If you don’t have a password-specific hashing function at hand, you can apply the same algorithm a few times to slow down the hashing1. You can also store the number of iterations with the password, so you can increment it at some point in time and have old passwords unaffected.

Password hash functions do everything for us: They use a salt, they apply an algorithm a configurable amount of time, and everything is stored with the resulting hash. bcrypt, scrypt and similar are good choices, and are a better option than manually performing all the steps. They are also well-known, so you don’t have to document them if you migrate your codebase.

Or let a plaintext version of a password leave your server for any reason. The only place where a password should be in plaintext is in memory as little as possible (using some secure-memory storage if your are super-paranoid and your language supports it) and in the input field on the user’s browser (where it’s even hidden from sight!). This does not include the HTTP request at all, so be sure to use HTTPS!

Emailing a password is a very bad sign. There are three different situations in which you might be tempted to send the password to the user’s inbox:

• Upon registering: You have the password right there, so you send it to the user in order for them to remember it. Wrong! the password is now present in the mail server, the user’s inbox, a few hundred internet router’s, the user browser cache…

• When the user requests a password reset: So the user does not remember their password! Let’s generate a new one and send it to tem…

Wrong! the password is now present in the same places as in the previous point, plus the user won’t remember it.

Instead, send link. The link contains a one-time code that will allow a password change! This is essentially the same as forcing the user to change the password after generating one for them, but a bit faster and less bothersome.

• When the user presses “password forgotten”: The user doesn’t remember his password, so we send it to him!

Wrong! VERY WRONG! I’ve saved this for the end because by now you should realize that you can’t do it. You shoudn’t be able to do it. If you can, please, start reading this article again!

You can’t do this because you don’t have the password! You have no way of recovering the password, so your only possible action is for the user to set a new one or let them chance it.

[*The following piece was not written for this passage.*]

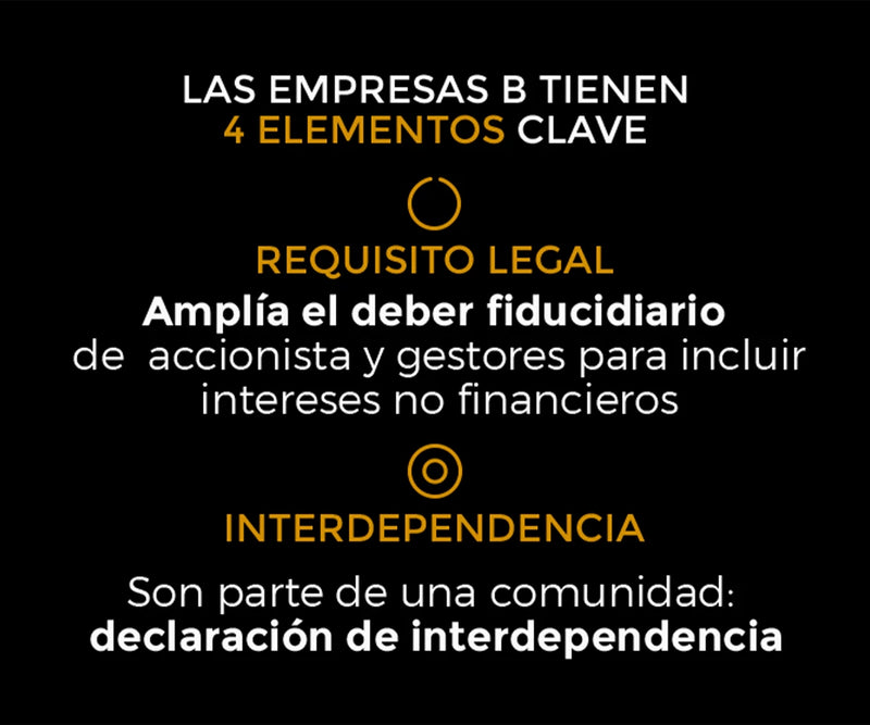 Todas las Empresas B miden su impacto social y ambiental y se comprometen de forma personal, institucional y legal a tomar decisiones considerando las consecuencias de sus acciones a largo plazo en la comunidad y el medioambiente.

Everything you just read also applies to showing the password in some webpage. Don’t generate a password then show it, don’t show a user his password after signing up, and of course don’t show him his password later, because if you do it means you can do it and you haven’t learned anything today.

The correct line of action when the user doesn’t remember her password is to send her a link to a previously verified e-mail address that allows a password change. The link should be usable only once and for a very short timespan (15 minutes, maybe as much as a day, but that’s it).

## Conclussion

These were the most fundamental things I could remember that I see not being followed time after time. Since a few months, I’ve been reluctant to sign up anywhere using a passwords, and I greatly favor Google, GitHub or Twitter logins. It allows me to enter without thinking, I don’t have yet another place where my password can be stolen, and I can revoke access any time if the site is compromised. The reasons are, among others, that most sites do NOT follow these practices and are therefore insecure. And because I just can’t know that, I simply refuse to give them a password unless it is absolutely necessary.

1. Never use a sleep function to slow down hashing! That would slow it down in your server, but not on the attacker’s machine!